(Exercise input Opens)

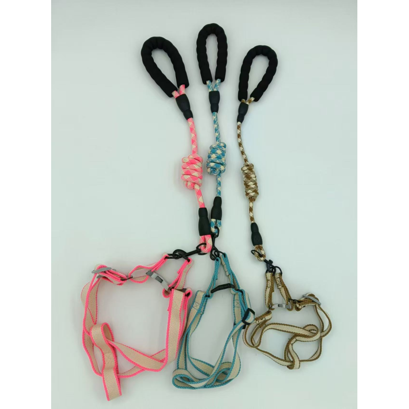 dog harness and lead sets with a vibrant, tie-dye color scheme.
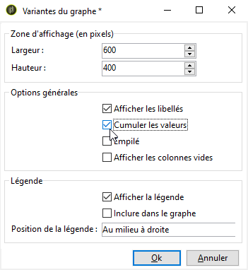 Pour ces types de graphes, les options suivantes sont proposées dans la fenêtre Variantes :
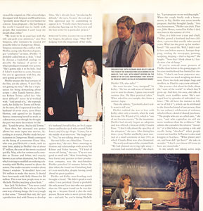 It’s been reported that Pfeiffer sold her house on Rockingham Drive, now known as O.J. Boulevard, after tourists flooded Brentwood. She says that’s not true, she stills lives there, through she’s not O.J.’s neighbor. “It’s gotten a little weird,” she admits, “like a war zone.” On Saturday afternoons, she used to go to Mezzaluna, where Ronald Goldman worked, because it was mepty, “and my daughter could make a mess and be obnoxious, and no one would care. Now, you can’t get a table.”
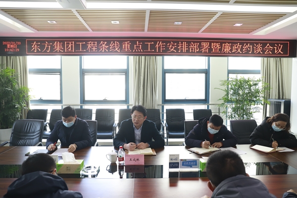 1月30日,鹽城東方集團(tuán)工程條線在集團(tuán)1115會(huì)議室組織召開重點(diǎn)工作安排部署暨廉政約談會(huì)議。集團(tuán)黨委委員、副總經(jīng)理王成林主持會(huì)議。東方建設(shè)、東方市政及地產(chǎn)公司各經(jīng)營層、集團(tuán)工程部部門負(fù)責(zé)人及各項(xiàng)目建設(shè)負(fù)責(zé)同志參加會(huì)議。
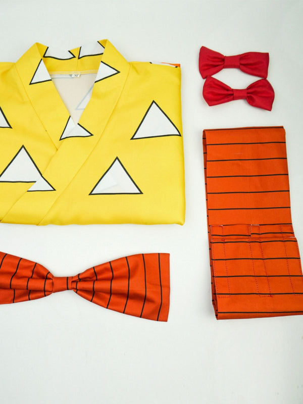 Gelb 1970er Agatsuma Zenitsu Kimono Cosplay Kleid
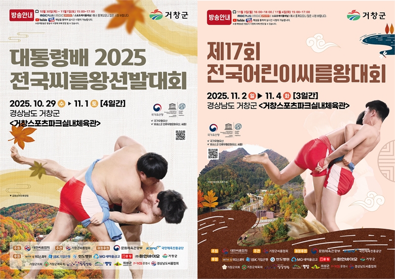 [시사의창=이태헌 기자] 거창군은 대한씨름협회가 주최하고 거창군씨름협회가 주관하는 ‘대통령배 2025 전국씨름왕선발대회’와 ‘제17회 전국어린이씨름왕대회’를 10월 29일부터 11월 4일까지(7일간) 거창스포츠파크 실내체육관에서 연속 개최한다고 밝혔다.‘대통령배 2025 전국씨름왕선발대회’는 10월 29일~11월 1일(4
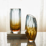 The Alba Vase, handblown from cased art glass, features a vibrant mix of blue, amber, and orange hues that bring a bold touch to any decor. Available in two distinct shapes and sizes, this eye-catching piece offers versatile styling options for a unique and dynamic display.

(Exercise input Closes)

The required output is every line of the data above, set down exactly and stripped of pictures.

 dog harness and lead sets with a vibrant, tie-dye color scheme.
 Pour ces types de graphes, les options suivantes sont proposées dans la fenêtre Variantes :
 It’s been reported that Pfeiffer sold her house on Rockingham Drive, now known as O.J. Boulevard, after tourists flooded Brentwood. She says that’s not true, she stills lives there, through she’s not O.J.’s neighbor. “It’s gotten a little weird,” she admits, “like a war zone.” On Saturday afternoons, she used to go to Mezzaluna, where Ronald Goldman worked, because it was mepty, “and my daughter could make a mess and be obnoxious, and no one would care. Now, you can’t get a table.”
 1月30日,鹽城東方集團(tuán)工程條線在集團(tuán)1115會(huì)議室組織召開重點(diǎn)工作安排部署暨廉政約談會(huì)議。集團(tuán)黨委委員、副總經(jīng)理王成林主持會(huì)議。東方建設(shè)、東方市政及地產(chǎn)公司各經(jīng)營層、集團(tuán)工程部部門負(fù)責(zé)人及各項(xiàng)目建設(shè)負(fù)責(zé)同志參加會(huì)議。
 Gelb 1970er Agatsuma Zenitsu Kimono Cosplay Kleid
 [시사의창=이태헌 기자] 거창군은 대한씨름협회가 주최하고 거창군씨름협회가 주관하는 ‘대통령배 2025 전국씨름왕선발대회’와 ‘제17회 전국어린이씨름왕대회’를 10월 29일부터 11월 4일까지(7일간) 거창스포츠파크 실내체육관에서 연속 개최한다고 밝혔다.‘대통령배 2025 전국씨름왕선발대회’는 10월 29일~11월 1일(4
 The Alba Vase, handblown from cased art glass, features a vibrant mix of blue, amber, and orange hues that bring a bold touch to any decor. Available in two distinct shapes and sizes, this eye-catching piece offers versatile styling options for a unique and dynamic display.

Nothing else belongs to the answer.